- [Exercise directions]: Give the lines again exactly as they appear below, from the line with "where is the" to the line with "潮牌重磅纯棉半袖 t恤男夏季 情侣字母立体印花上衣 白色短袖 ALLIN", both included, and only those lines. Leave every picture out.
*** The records ***
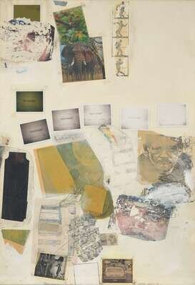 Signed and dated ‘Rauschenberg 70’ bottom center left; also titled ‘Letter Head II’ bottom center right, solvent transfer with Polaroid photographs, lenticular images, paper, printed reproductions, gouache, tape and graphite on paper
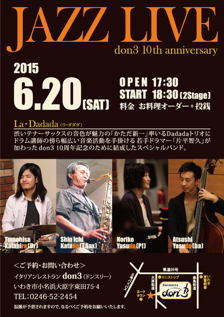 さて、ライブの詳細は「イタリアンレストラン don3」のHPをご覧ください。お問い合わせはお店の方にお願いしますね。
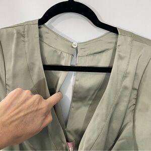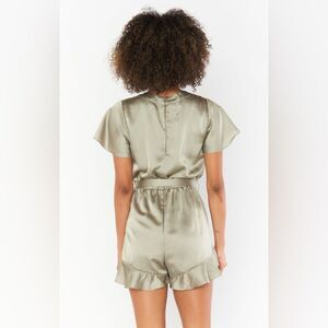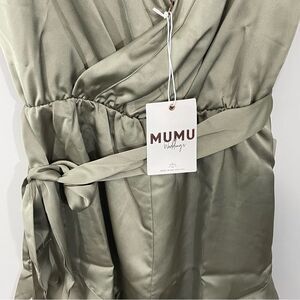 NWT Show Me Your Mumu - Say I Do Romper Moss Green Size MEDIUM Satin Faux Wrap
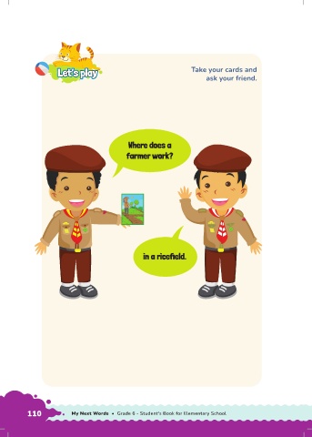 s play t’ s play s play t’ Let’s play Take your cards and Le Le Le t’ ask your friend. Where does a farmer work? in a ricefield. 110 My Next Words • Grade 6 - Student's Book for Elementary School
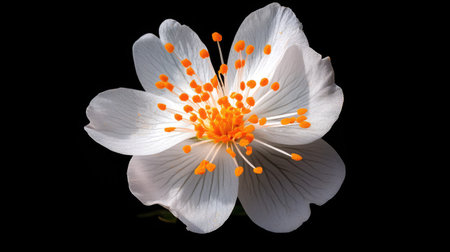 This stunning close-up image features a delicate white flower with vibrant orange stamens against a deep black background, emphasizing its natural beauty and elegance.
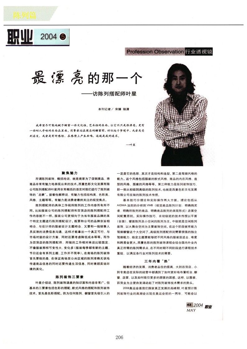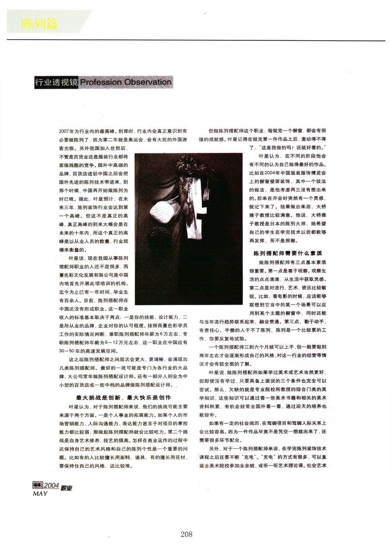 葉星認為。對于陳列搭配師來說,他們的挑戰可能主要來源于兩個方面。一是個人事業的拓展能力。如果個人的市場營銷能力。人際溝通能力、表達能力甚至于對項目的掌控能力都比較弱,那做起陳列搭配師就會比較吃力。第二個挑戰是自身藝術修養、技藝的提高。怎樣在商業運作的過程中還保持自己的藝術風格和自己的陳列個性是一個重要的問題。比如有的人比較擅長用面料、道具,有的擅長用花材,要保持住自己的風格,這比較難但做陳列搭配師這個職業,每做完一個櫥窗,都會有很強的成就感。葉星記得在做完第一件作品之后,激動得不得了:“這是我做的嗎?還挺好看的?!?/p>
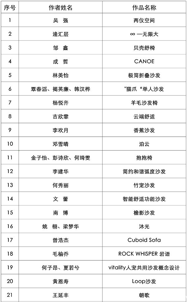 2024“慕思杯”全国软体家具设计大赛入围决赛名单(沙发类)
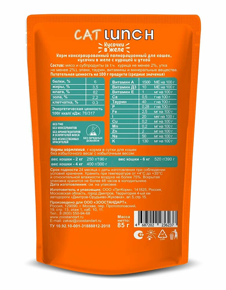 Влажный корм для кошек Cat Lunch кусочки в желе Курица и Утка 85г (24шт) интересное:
*** End of The records ***
*** The records ***
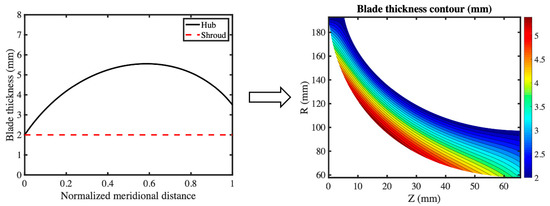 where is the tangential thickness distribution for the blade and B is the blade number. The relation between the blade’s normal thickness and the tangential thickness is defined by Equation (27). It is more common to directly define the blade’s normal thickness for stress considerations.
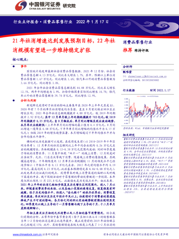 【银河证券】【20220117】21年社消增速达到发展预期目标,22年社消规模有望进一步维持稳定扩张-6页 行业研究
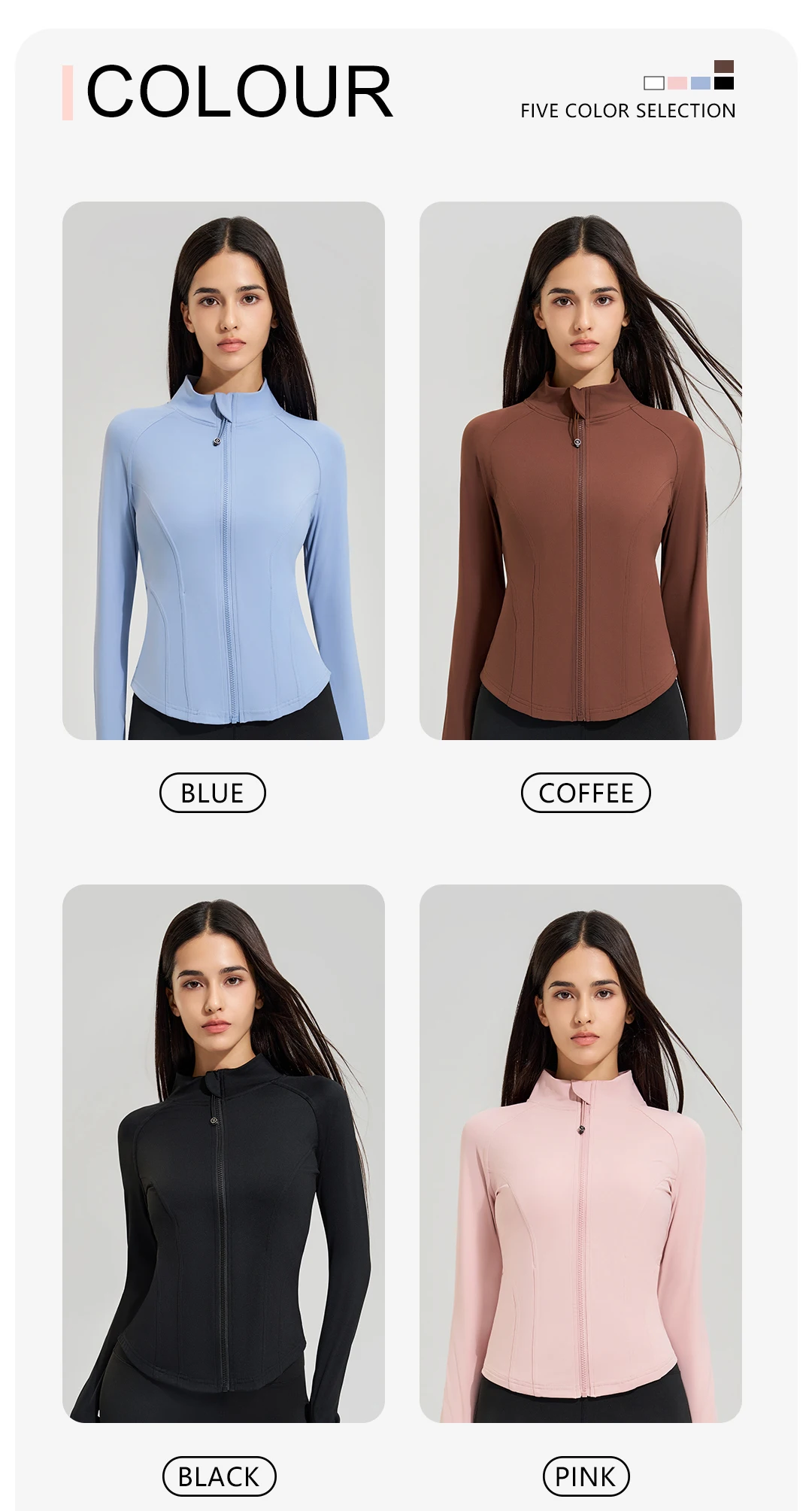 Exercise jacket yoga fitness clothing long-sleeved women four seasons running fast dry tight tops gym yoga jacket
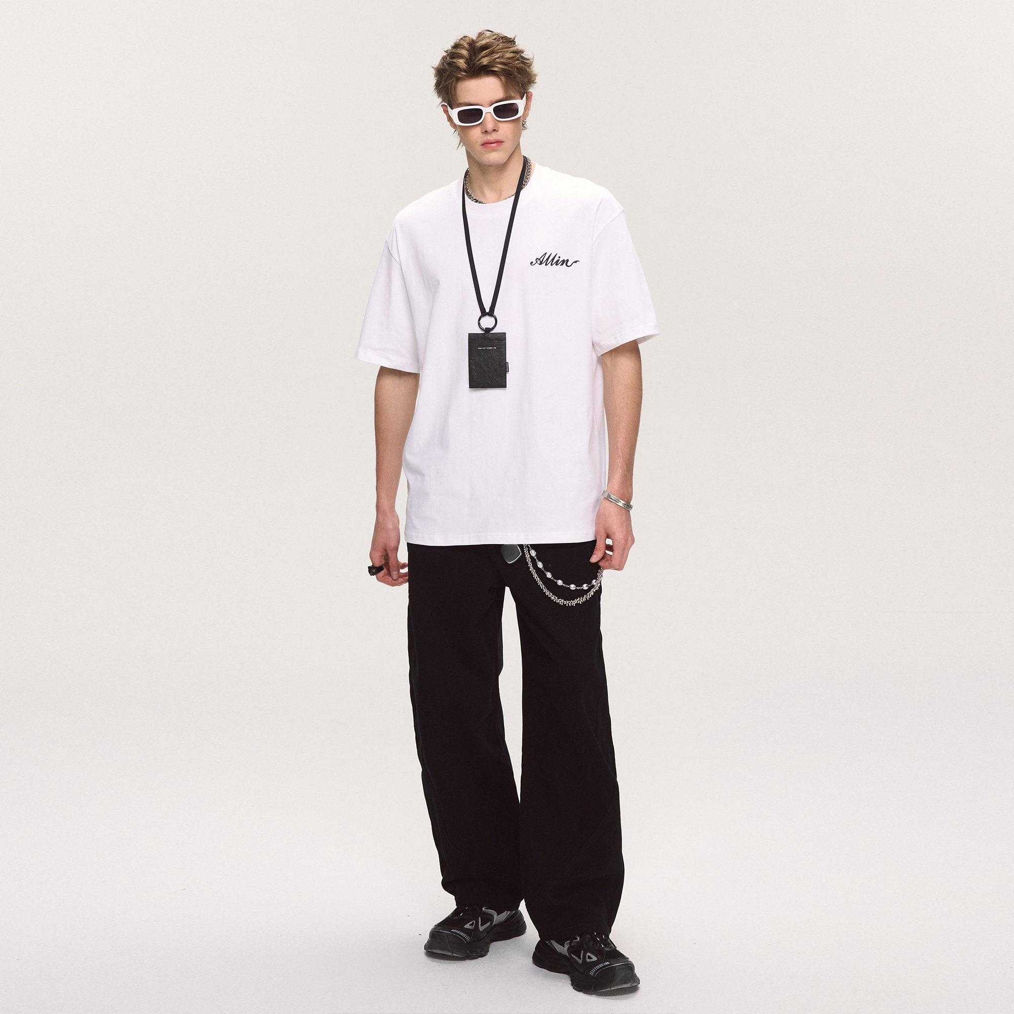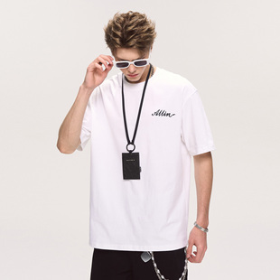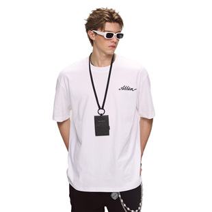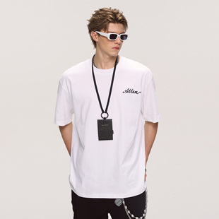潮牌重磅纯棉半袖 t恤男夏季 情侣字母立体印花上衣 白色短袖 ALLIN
*** End of The records ***
*** The records ***
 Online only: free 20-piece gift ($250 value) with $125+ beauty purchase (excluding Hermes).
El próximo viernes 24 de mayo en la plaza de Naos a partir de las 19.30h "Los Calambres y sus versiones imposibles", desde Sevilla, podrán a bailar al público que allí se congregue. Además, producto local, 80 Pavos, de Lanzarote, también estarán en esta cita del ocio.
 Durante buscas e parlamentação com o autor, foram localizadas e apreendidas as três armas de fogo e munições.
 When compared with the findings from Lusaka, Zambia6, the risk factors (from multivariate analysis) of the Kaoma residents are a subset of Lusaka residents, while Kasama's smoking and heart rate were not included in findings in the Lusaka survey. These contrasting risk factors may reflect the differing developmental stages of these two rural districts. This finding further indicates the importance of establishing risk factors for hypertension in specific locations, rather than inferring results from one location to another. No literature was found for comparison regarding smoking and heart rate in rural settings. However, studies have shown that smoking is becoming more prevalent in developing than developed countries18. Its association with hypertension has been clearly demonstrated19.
*** End of The records ***
- [Task output]:
 where is the tangential thickness distribution for the blade and B is the blade number. The relation between the blade’s normal thickness and the tangential thickness is defined by Equation (27). It is more common to directly define the blade’s normal thickness for stress considerations.
 【银河证券】【20220117】21年社消增速达到发展预期目标,22年社消规模有望进一步维持稳定扩张-6页 行业研究
 Exercise jacket yoga fitness clothing long-sleeved women four seasons running fast dry tight tops gym yoga jacket
潮牌重磅纯棉半袖 t恤男夏季 情侣字母立体印花上衣 白色短袖 ALLIN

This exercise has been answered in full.